Task to carry out:
Say how many lines in the data hold "Коэн". Nothing else belongs in the answer.

Saved data entries:
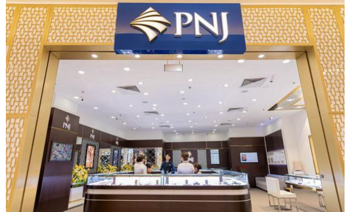
Ảnh: Cửa hàng PNJ

Thông báo của PNJ có ý nghĩa tích cực ở góc độ quản trị khủng hoảng, khi doanh nghiệp khẳng định đây là trách nhiệm của cá nhân, đồng thời cam kết phối hợp điều tra và duy trì hoạt động bình thường. Tuy nhiên, thông tin này chưa đủ để loại bỏ hoàn toàn rủi ro, bởi thị trường vẫn chờ kết quả điều tra để đánh giá liệu sai phạm chỉ dừng ở cấp cá nhân hay có liên quan đến quy trình kiểm định của P-Lab. Trong ngắn hạn, áp lực chủ yếu vẫn đến từ yếu tố tâm lý và uy tín thương hiệu hơn là tác động trực tiếp đến kết quả kinh doanh của PNJ. PNJ sẽ hợp nhà đầu tư trong hôm nay và chúng tôi sẽ cập nhật trong bản tin gần nhất.
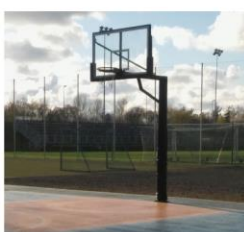
KP6 laukums 45
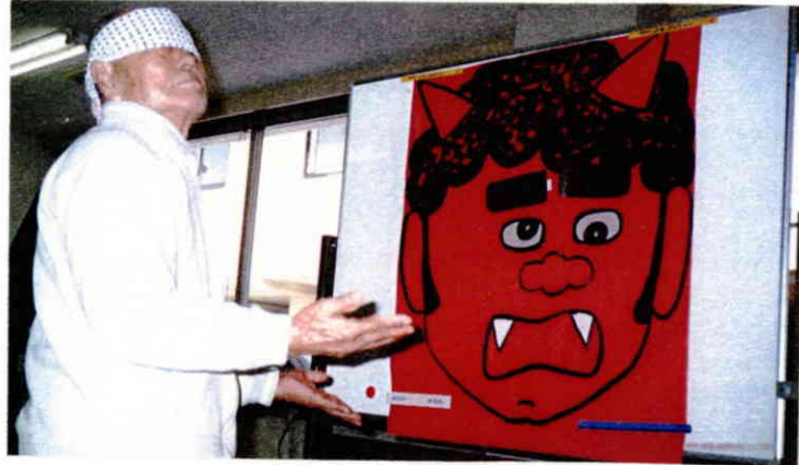
福笑いならぬ福鬼？！

2月3日（土）恒例の豆まきが行われ、今年一年の無病息災を願いました。職員が鬼とあって、入所者の方々も笑い半分、投げつけることをためらいながらも年に一度の豆まきを楽しまれました。今年も無病息災は間違いなし！そんな雰囲気が漂った豆まきでした。
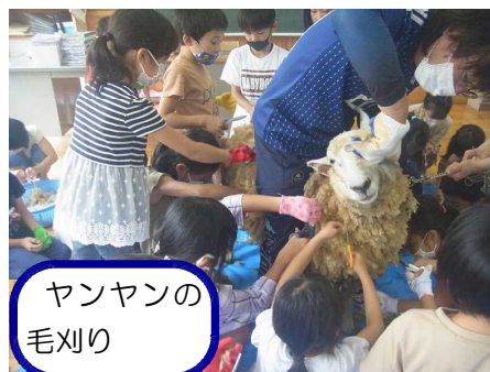
ヤンヤンの毛刈り

「家で家族に話すと、お母さんが『生まれてきてくれて、ありがとう。』と言ってくれました。」
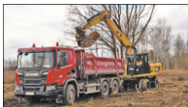
|| Konstancin-Jeziorna - Nowe miejsca parkingowe s. 5
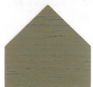
2076 Gallegiante - Treibholz Bois de dérive
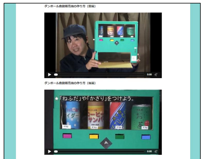
ダンボール自動販売機の作り方も、動画で学べます
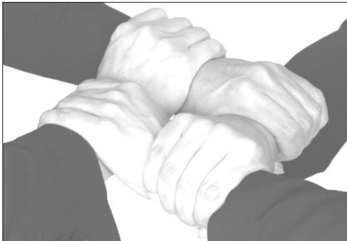
© Peter Kirchoff / PIXELIO - mit diesem Bild und dem Motto „Gemeinsam sind wir stark“ belegte der Fotograf Peter Kirchoff den 6. Platz beim Fotowettbewerb von Pixelio. ( www.pixelio.de )
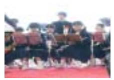
須賀川市立第三中学校
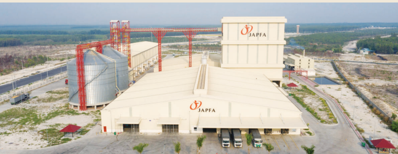
Tổ hợp nhà máy Japfa Việt Nam hiện đại bậc nhất được xây dựng tại Khu công nghiệp Minh Hưng Sikico, xã Đồng Nơ, huyện Hớn Quản, tỉnh Bình Phước
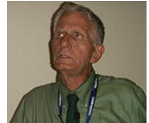
Карл Коэн: животные не способны определить, что этично, а что — нет [127] .

Профессор философии Университета Мичигана в США Карл Коэн выступает против наделения животных личностными характеристиками человека и утверждает, что обладатели прав обязаны уметь находить границу между собственными интересами и тем, что является этичным: „обладатели прав должны осознавать силу обязанностей, которые распространяются на всех, в том числе и на них самих. С их помощью они должны находить возможные конфликты между собственными интересами и тем, что является правильным. Только в сообществе существ, способных на самоограничивающие моральные суждения, может корректно функционировать концепция права“ [127] .
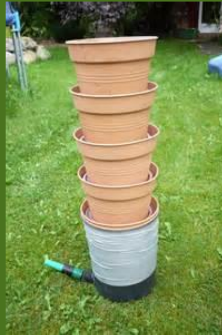
In Terracotta- Töpfen
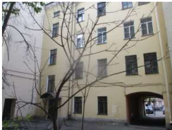
Фото 2. Вид здания, в котором расположен Объект оценки, со двора
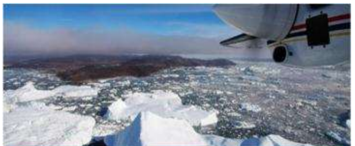
ICE-FJORD FLIGHT SIGHTSEEING, ILULISSAT, GREENLAND

* หมายเหตุ : ทัวร์โดยเครื่องบินเล็กนี้จะขายหมดอย่างรวดเร็ว ดังนั้นจำเป็นต้องจองล่วงหน้า
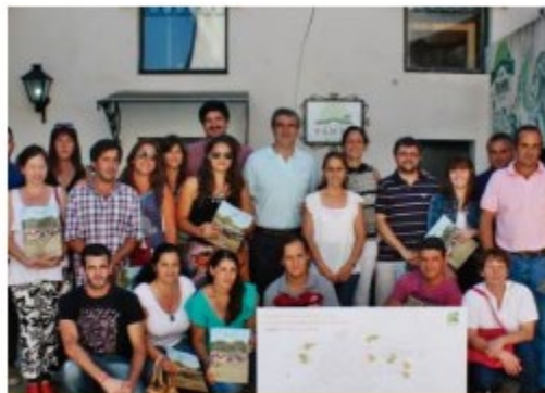
Agencia Municipal de Hábitat Argentina

Your solution:
2